What an ignorant cow. You want to cross the road, you press the button. How many is the optimal amount of people allowed to cross? Are you suppose to wait forever?

I don't know how much games really get ripped off, because they do work very hard on that with codes and everything... And it's definitely true that the unit price of a single game feels a lot more expensive than it ever used to be.

I know! I was already halfway over the road by the time I managed to parse what she was saying through the headphones; then I was just a bit flustered, so carried on.
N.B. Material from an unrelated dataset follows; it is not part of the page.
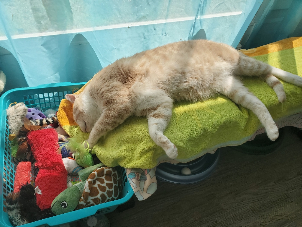 iamthesunking August 11, 2023 at 1:53 pm Catorze has fallen asleep in the middle of washing his paw, with the paw sticking up in the air. They’re all weirdos. Reply ↓

Of all the things in the world to start a row over!

I'm not so sure these days with games where you download off a server, but codes made no difference. There were loads on the torrent sites, along with console games.

It's her problem, not yours.

I suppose I forget about torrenting; I'm so out of touch with gaming generally. Sigh!

Mega sigh!

Of course, this is all anecdotal evidence.

What other evidence does LJ deserve!